5. De rechtbank stelt vast dat het bezwaarschrift van eiseres niet aan die hiervoor genoemde vereisten van artikel 6:5, eerste lid, van de Awb voldoet. Eiseres heeft in haar bezwaarschrift niet een voldoende concrete omschrijving gegeven van het besluit waartegen haar bezwaar gericht is, noch heeft zij bij haar bezwaarschrift een voor bezwaar vatbaar besluit meegezonden. Eiseres heeft in haar bezwaarschrift verwezen naar een dossiernummer van een brief van het incassobureau. Deze verwijzing ziet niet op een besluit als bedoeld in artikel 1:3 van de Awb.
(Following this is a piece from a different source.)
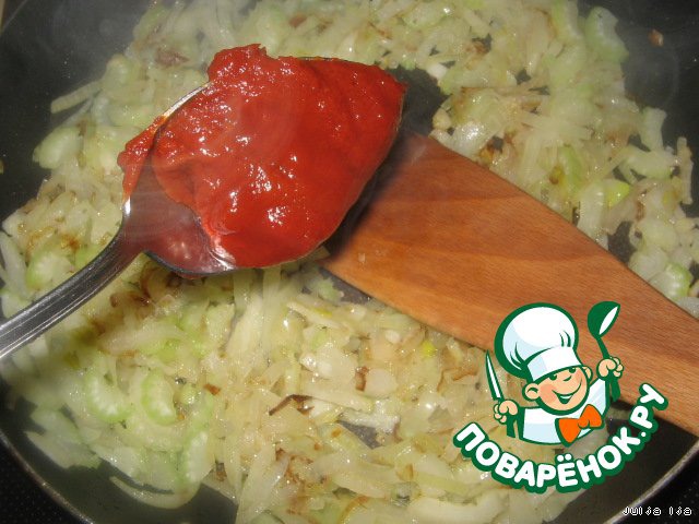 Томатную пасту и немного воды. Посолить и поперчить по вкусу.
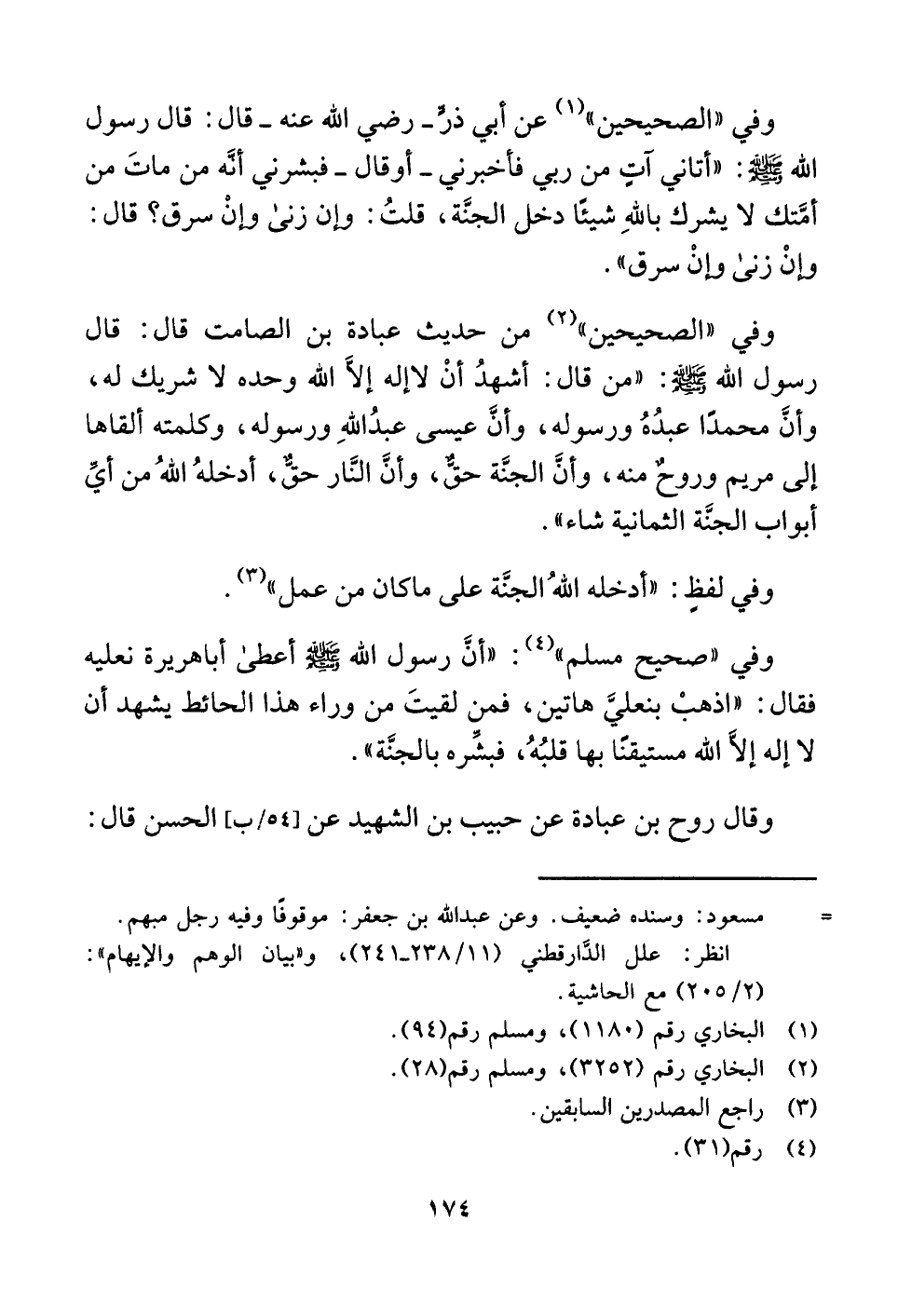 وفي "صحيح مسلم" (¬٤) : "أنَّ رسول اللَّه -صلى اللَّه عليه وسلم- أعطى أبا هريرة نعليه فقال: "اذهبْ بنعليَّ هاتين، فمن لقيتَ من وراء هذا الحائط يشهد أن لا إله إلَّا اللَّه مستيقنًا بها قلبُهُ، فبشِّره بالجنَّة".

Het was daarom voor verweerder onvoldoende duidelijk tegen welk besluit eisers bezwaar wilde maken.
6. Eiseres is bij brief van 26 juli 2024 in de gelegenheid gesteld om een afschrift te sturen van het besluit waar eiseres het niet mee eens is. Hier heeft eiseres geen gebruik van gemaakt. Ook in de beroepsprocedure is dit besluit nog steeds niet kenbaar.
7. Gelet op het bovenstaande komt de rechtbank tot het oordeel dat verweerder het bezwaar terecht niet-ontvankelijk heeft verklaard.

Conclusie en gevolgen

7. Het beroep is ongegrond en het bestreden besluit blijft in stand. Eiser krijgt geen vergoeding van zijn proceskosten.

Beslissing

De rechtbank verklaart het beroep ongegrond.
Deze uitspraak is gedaan door mr. J. Wolbrink, rechter, in aanwezigheid van
S.N. Lekatompessij, griffier. De beslissing is in het openbaar uitgesproken op 2 mei 2025.
griffier rechter
Afschrift verzonden aan partijen op:

Bent u het niet eens met deze uitspraak?

Als u het niet eens bent met deze uitspraak kunt u een brief sturen naar de rechtbank waarin u uitlegt waarom u het er niet mee eens bent. Dit heet een verzetschrift. U moet dit verzetschrift indienen binnen 6 weken na de dag waarop deze uitspraak is verzonden. U ziet deze datum op de stempel die hierboven staat. Als u graag een zitting wilt waarbij u persoonlijk uw mening aan de rechter kunt geven, kunt u dit in uw verzetschrift aangeven.